With the added weight of the hardwood and the pool table...Will it fall down? No. Will it be spongy feeling and have a perceivable bounce? Most certainly.


----------



## [email protected] (Nov 13, 2008)

Thanks for the reply. Any thoughts on how I can have the pool table and avoid the spongyness? Is the hardwood floor a significant factor? I was told today by the builder of the room (built 20+ years ago) that the joists have a load bearing of over 20,000 lbs.


----------



## Rkeytek (Nov 3, 2008)

Does the pool table have a slate table??
I would sister each 2x12 that is under the pool table and provide solid bridging between them at 36" o.c. to keep the as much rigidity to the floor as possible. The load bearing is great, but does mean they won't sag and if you jump in one corner of the room your glass of water will shake in the opposite corner??


----------



## [email protected] (Nov 13, 2008)

*2"x12"x20' floor joists-Rkeytek*

Rkeytek, thanks for the reply. Yes, the pool table has a slate top. Did you mean to say "doesn't" instead of "does"? And are you suggesting that it will sag and water on the other side of the room will move? Many thanks.


----------



## Rkeytek (Nov 3, 2008)

yes "doesnt", lol sorry

its really a matter of or comfort with the sponginess of the floor.

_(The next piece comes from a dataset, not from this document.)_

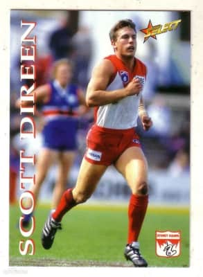 Scott Direen is a former Australian rules footballer who played with the Sydney Swans in the Australian Football League. Drafted from Tasmanian club New Norfolk, Direen was a defender during his time in Sydney. He played 19 of a possible 22 games in 1995, the most appearances he made in a season.

My parents house has 2X8 floor joists spaning more than they should, they have a slate pool table (probably 400#), my dad did add solid bridging and a plywood subfloor over the tongue and groove subfloor. walking normally you can't fell any type of movement, though a heavy foot, running, or jumping will cause the things on the book shelf and coffe table to rattle.

The structure won't colapse, but it is just not as tight as a properly designed floor system would be


----------



## [email protected] (Nov 13, 2008)

*2x12x20, 12" oc*

Thanks for your reply. Would the "bounce" or sponginess be reduced much if I were able to run a support beam 2' 6" - 3' in from the end of the joists so that their length was effectively cut down from 20' to 17' or 17 1/2'? Thanks.


----------



## buletbob (May 9, 2008)

I would install a steel beem under the middle of the floor joists I would hate to have the pool ball move as you walk around the table to shoot it.
BOB


----------



## Termite (Apr 13, 2008)

buletbob said:


> I would hate to have the pool ball move as you walk around the table to shoot it.


Oooh, good point Bob.


----------



## [email protected] (Nov 13, 2008)

*2x12x20---12 oc*

Many thanks to all. Do you think the bounce would be lessened much if I were to shorten the span from 20' to 17'?


----------



## buletbob (May 9, 2008)

yes you will less the deflection but it will still be noticeable. whats on your side is the 12"oc 2x12 @17'span not 24'


----------